The aim is to make the holiday a day
ON, where people of all ages and backgrounds come together to improve lives,
bridge social barriers, and move our nation closer to the “Beloved Community”
that Dr. King envisioned.

It took 15 years to create the federal
Martin Luther King, Jr., holiday. Congressman John Conyers, Democrat from Michigan,
first introduced legislation for a commemorative holiday four days after King
was assassinated in 1968. After the bill became stalled, petitions endorsing
the holiday containing six million names were submitted to Congress.

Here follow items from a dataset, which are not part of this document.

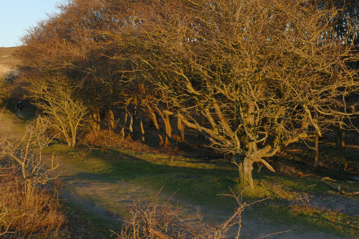 Het eerste deel van de wandeling gaat door bos. De wind en het klimaat hebben de bomen hier mede gevormd; gedurende de helft van het jaar zijn de loofbomen bladerloos en kun je je vergapen aan hun grillige vormen…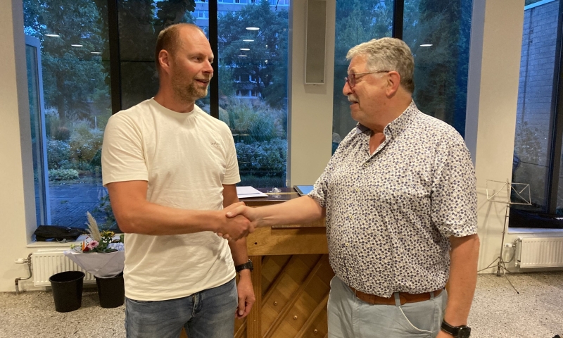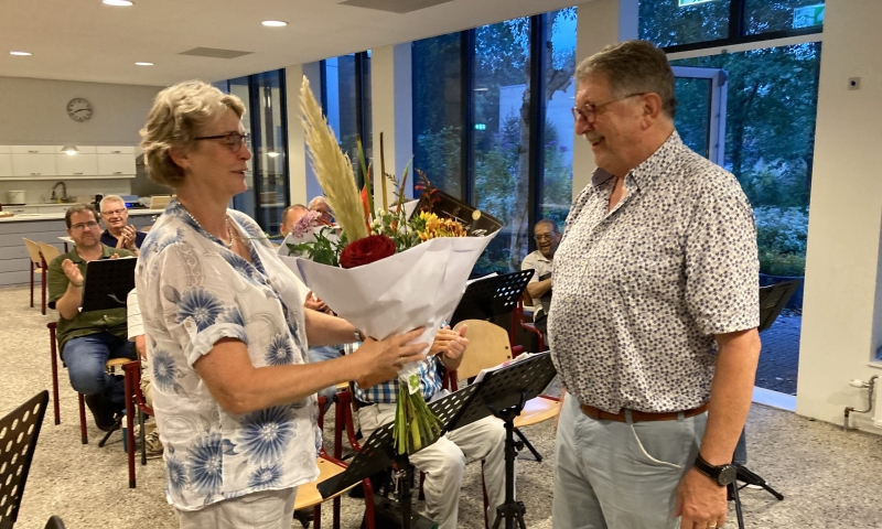 Op de eerste repetitie van het nieuwe seizoen was er heel wat te vieren. Voorzitter John van Halderen feliciteerde penningmeester Henny van Eck met zijn 25-jarig jubileum. Hij ontving twee oorkondes, een speldje van het Koninklijk Nederlands Zangersverbond en natuurlijk bloemen. Het andere boeket was voor Madelon de Koning die haar tweede lustrum viertde als koster van kerk De Bron, onze thuisbasis. Tot slot kon Van Halderen een nieuw lid installeren: Michiel de Kok (bas) die met zijn 48 jaar de gemiddelde leeftijd aardig verjongt.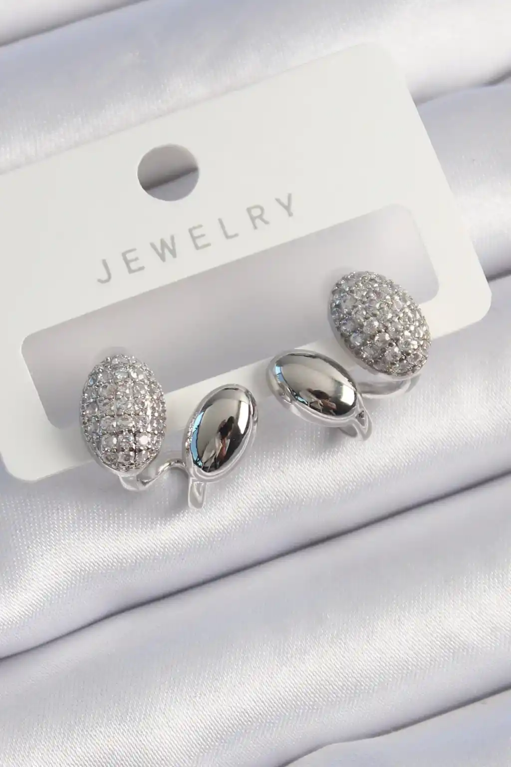 Pirinç Gümüş Renk Zirkon Taşlı Kadın Küpe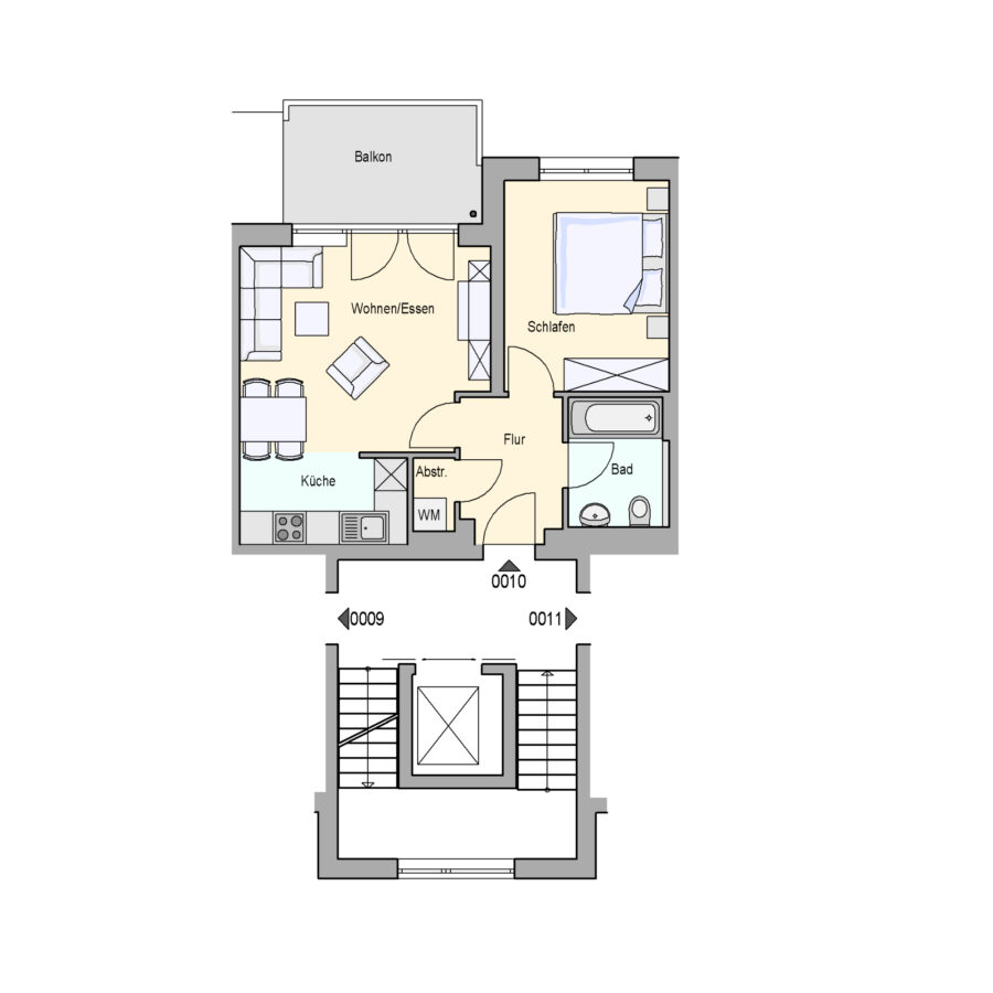 Die Reinigung des Treppenhauses und der Außenanlage sowie dem Winterdienst erfolgt durch ein Dienstleistungsunternehmen.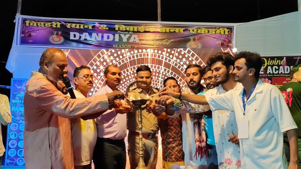 हवेली खड़गपुर नगर के विषहरि दुर्गा मंदिर प्रांगण में सोमवार की देर संध्या डिवाइन डांस एकेडमी के तत्वावधान में भव्य डांडिया नाइट सीज़न-3 का आयोजन किया गया। कार्यक्रम में शहर ही नहीं बल्कि आसपास के ग्रामीण इलाकों से भी भारी संख्या में लोग शामिल हुए।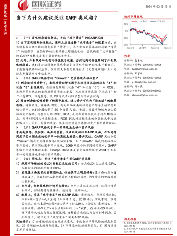 【国联证券】【20240319】策略点评:当下为什么建议关注GARP类风格?-31页 行业研究
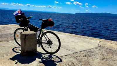 Vydávam sa teda smerom Opatija, Lovran a Medveja, a túto trasu teda vôbec neľutujem. Krásne miesta, presúvam sa chodníkom priamo pri mori, dokonca po pláži medzi opaľujúcimi turistami, aby som nakoniec zistil, že tam cyklisti majú zákaz. Našťastie to nikomu nevadí, nakupujem posledné suveníry, a po 4 hodinách sa vraciam do kempu za Jarom.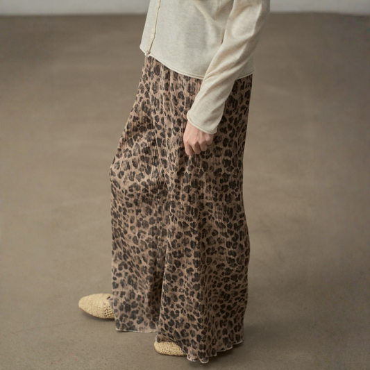 【ボトムス】落ち感 クリンクル加工 レオパード柄 美脚効果 パンツ 【SHシリーズ】
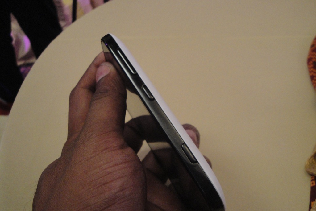 The right side of the device contains the lock-cum-power button, physical camera shutter and volume keys.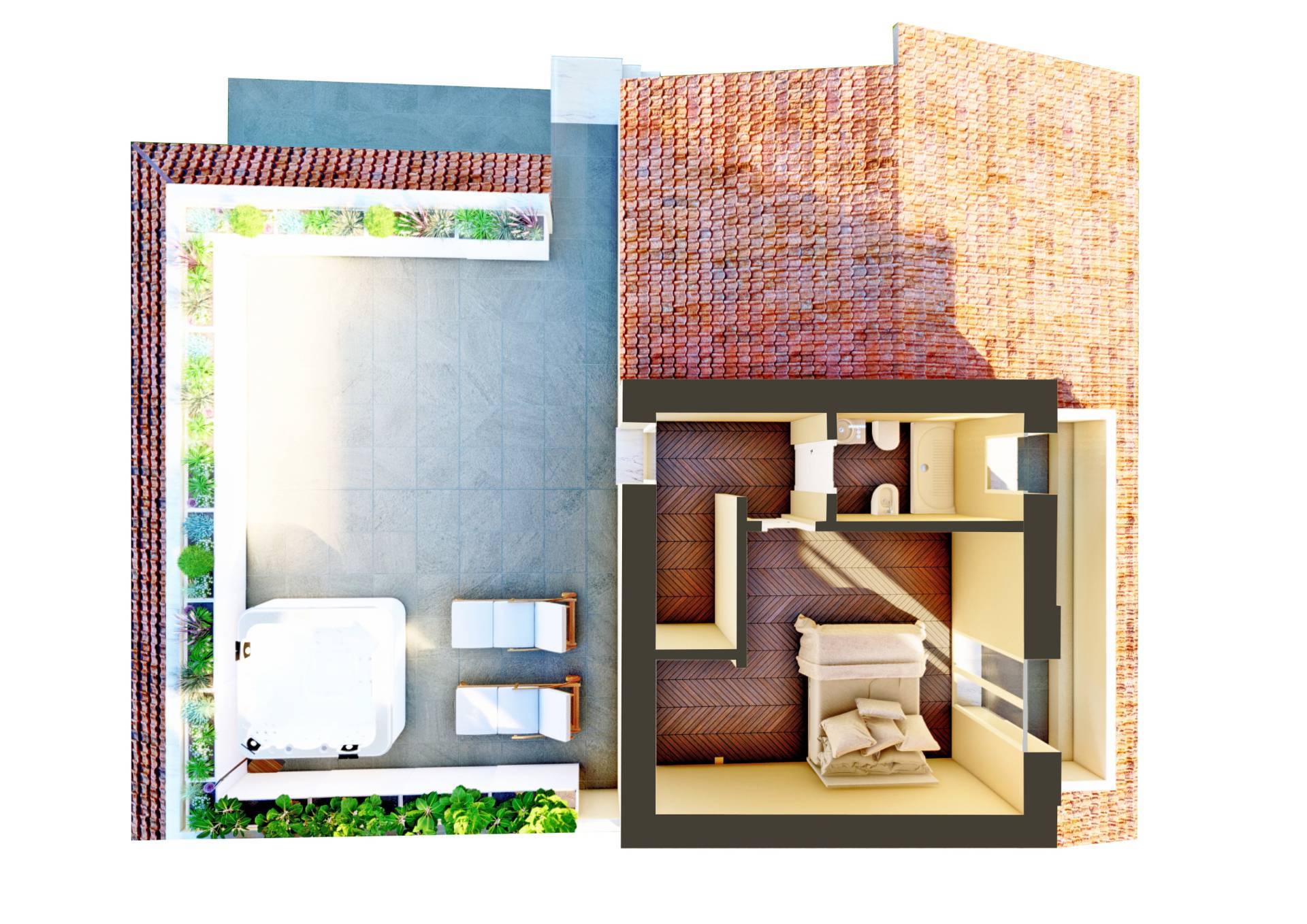 Dal soggiorno si accede attraverso una scala interna di marmo ad una camera padronale al piano primo con un bagno ed un terrazzino.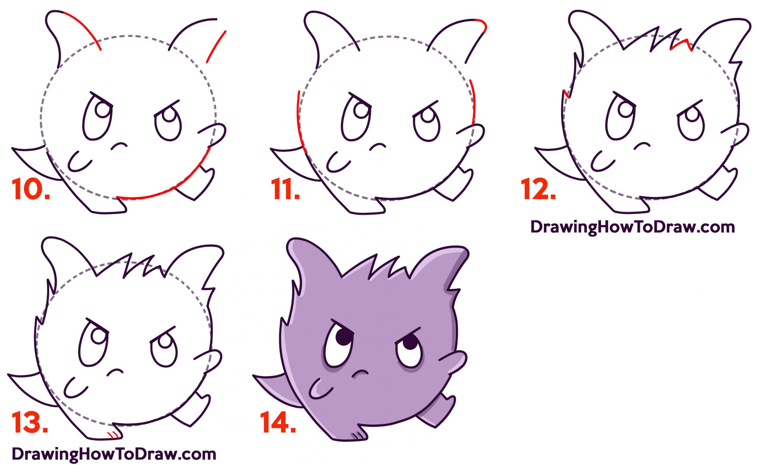 How to Draw a Cute / Kawaii / Chibi Gengar from Pokemon Easy Step by Step Drawing Tutorial for Kids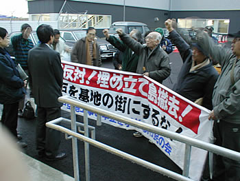 「市民を犠牲にする神戸空港開港ぜったい反対!」「神戸を軍事の街にするな!」。神戸空港開港日の2月16日早朝、神戸空港工事の中止を求める市民の会、関西合同労組、兵庫労組交流センター、百万人署名運動などは、空港島の神戸市事務所(神戸空港は市営空港)に約30人で抗議に押しかけました。市民の会代表・讃岐田訓さんが抗議文を読み上げて手渡し、横断幕を広げ抗議のシュプレヒコール(写真上左)。マスコミも「不安かかえた離陸」などと報道、お祝いムードもなく、抗議闘争以外は寂しい開港でした。

Conyers and Rep. Shirley Chisholm, Democrat
of New York, resubmitted King holiday legislation each subsequent legislative
session. Public pressure for the holiday mounted during the 1982 and 1983 civil
rights marches in Washington.
Congress passed the holiday legislation
in 1983, which was then signed into law by President Ronald Reagan. A compromise
moving the holiday from Jan. 15, King's birthday, which was considered too close
to Christmas and New Year's, to the third Monday in January helped overcome
opposition to the law.

National Consensus on
the Holiday
A number of states resisted celebrating
the holiday. Some opponents said King did not deserve his own holiday—contending
that the entire civil rights movement rather than one individual, however instrumental,
should be honored. Several southern states include celebrations for various
Confederate generals on that day. Arizona voters approved the holiday in 1992
after a tourist boycott. In 1999, New Hampshire changed the name of Civil Rights
Day to Martin Luther King, Jr., Day.